*** Records shown ***
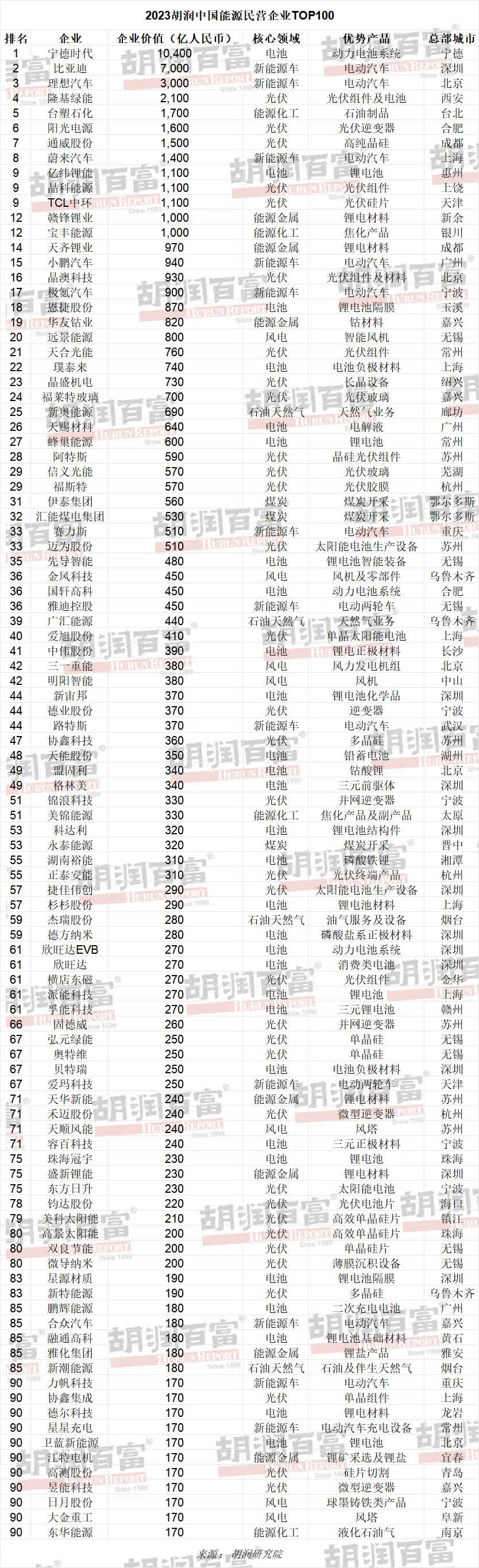 該榜單分傳統能源企業和新能源企業,傳統能源企業依然佔有一席之地,有11家,新能源企業的佔比更高,有89家。「中國要在2060年前實現碳中和,化石能源作為燃料的用量必定要減少,為新能源讓路。」胡潤百富董事長兼首席調研官胡潤說。
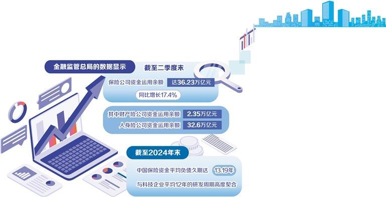國(guó)家金融監(jiān)督管理總局的數(shù)據(jù)顯示,截至2025年二季度末,我國(guó)保險(xiǎn)公司資金運(yùn)用余額達(dá)36.23萬(wàn)億元。在推動(dòng)科技創(chuàng)新、加速形成新質(zhì)生產(chǎn)力的戰(zhàn)略指引下,來(lái)自保險(xiǎn)行業(yè)的耐心資本正成為支持關(guān)鍵核心技術(shù)突破和戰(zhàn)略性新興產(chǎn)業(yè)發(fā)展的重要力量。保險(xiǎn)資金憑借其規(guī)模大、期限長(zhǎng)、來(lái)源穩(wěn)定的獨(dú)特優(yōu)勢(shì),積極踐行長(zhǎng)期投資、價(jià)值投資理念,為科技創(chuàng)新注入源源不斷的金融活水。
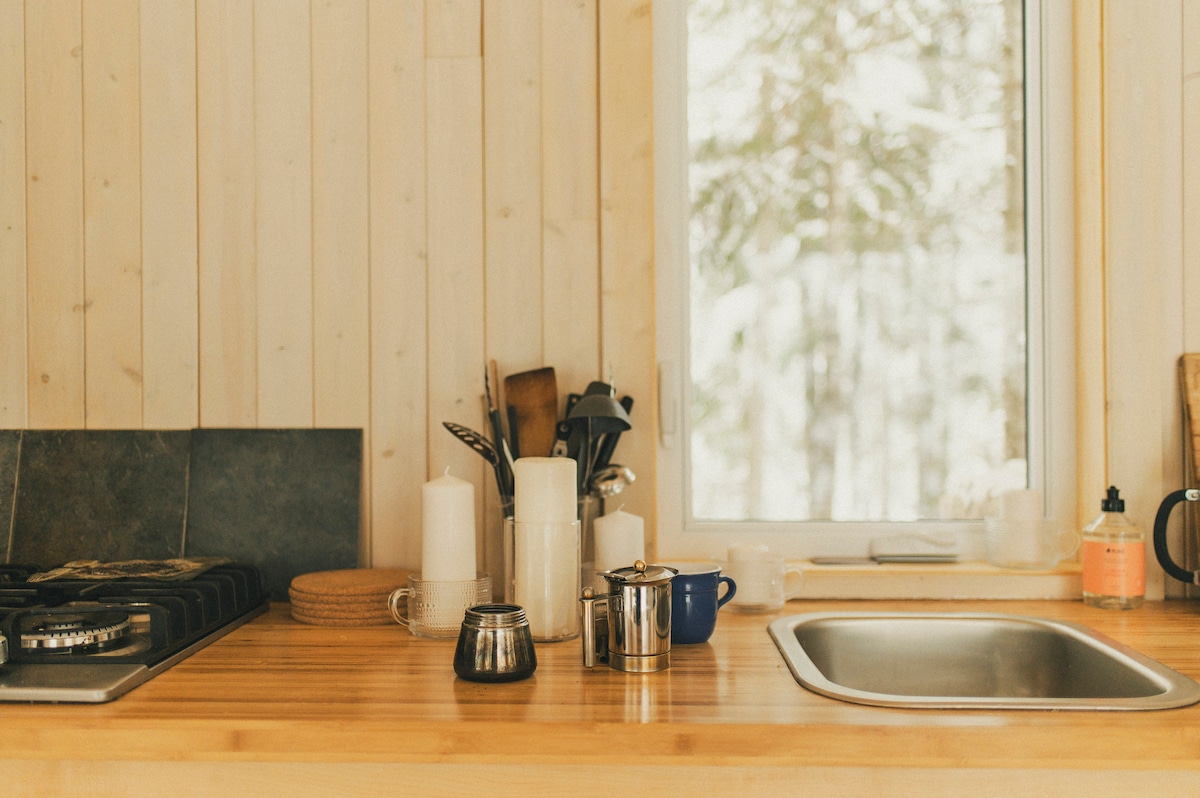Velkommen til La Khabine! Denne koselige, moderne hytta har alt du trenger for å slappe av og få kontakt med naturen. Nyt et glass vin med lyden av en knitrende flamme i peisen. Nyt utsikten over skogen gjennom de omkringliggende vinduene fra gulv til tak. Slapp av i den private utendørs badstuen laget av sedertønner. Naturlige selvpleieprodukter, ved, vaskemiddel og raskt trådløst nettverk er inkludert. Vi håper du kommer til å elske den lille hytta vår med vinduer like mye som vi gjør :)
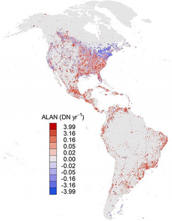Light attracts and disorients birds during migration, often leading to injury and death after collisions with buildings. The authors found that light pollution levels during the past two decades have gone up over roughly 16% of the land area in the Western Hemisphere, with another 7% of land area experiencing a reduction in light pollution. Declines in light pollution are concentrated in the northeastern United States in conjunction with human population declines and urban decay in large cities.
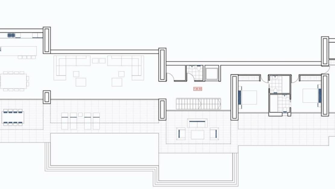 Esta villa de alta calidad tiene 4 plantas que están conectadas por un ascensor y una escalera interior. La planta principal tiene un amplio salón-comedor-cocina de planta abierta. La cocina está totalmente equipada y tiene una isla para cocinar. Las puertas correderas a la altura del techo dan acceso directo a varias terrazas. Además, hay 3 habitaciones dobles, todas con su propio baño y un aseo de invitados. Un nivel más alto hay 2 habitaciones dobles más. Cada uno con baño privado.
*** End of Records shown ***
[Exercise objective]
Your reply should consist solely of the lines above, from the opening line through the line with "國(guó)家金融監(jiā", reproduced exactly and without pictures.

[Answer to this exercise]
 該榜單分傳統能源企業和新能源企業,傳統能源企業依然佔有一席之地,有11家,新能源企業的佔比更高,有89家。「中國要在2060年前實現碳中和,化石能源作為燃料的用量必定要減少,為新能源讓路。」胡潤百富董事長兼首席調研官胡潤說。
國(guó)家金融監(jiān)督管理總局的數(shù)據(jù)顯示,截至2025年二季度末,我國(guó)保險(xiǎn)公司資金運(yùn)用余額達(dá)36.23萬(wàn)億元。在推動(dòng)科技創(chuàng)新、加速形成新質(zhì)生產(chǎn)力的戰(zhàn)略指引下,來(lái)自保險(xiǎn)行業(yè)的耐心資本正成為支持關(guān)鍵核心技術(shù)突破和戰(zhàn)略性新興產(chǎn)業(yè)發(fā)展的重要力量。保險(xiǎn)資金憑借其規(guī)模大、期限長(zhǎng)、來(lái)源穩(wěn)定的獨(dú)特優(yōu)勢(shì),積極踐行長(zhǎng)期投資、價(jià)值投資理念,為科技創(chuàng)新注入源源不斷的金融活水。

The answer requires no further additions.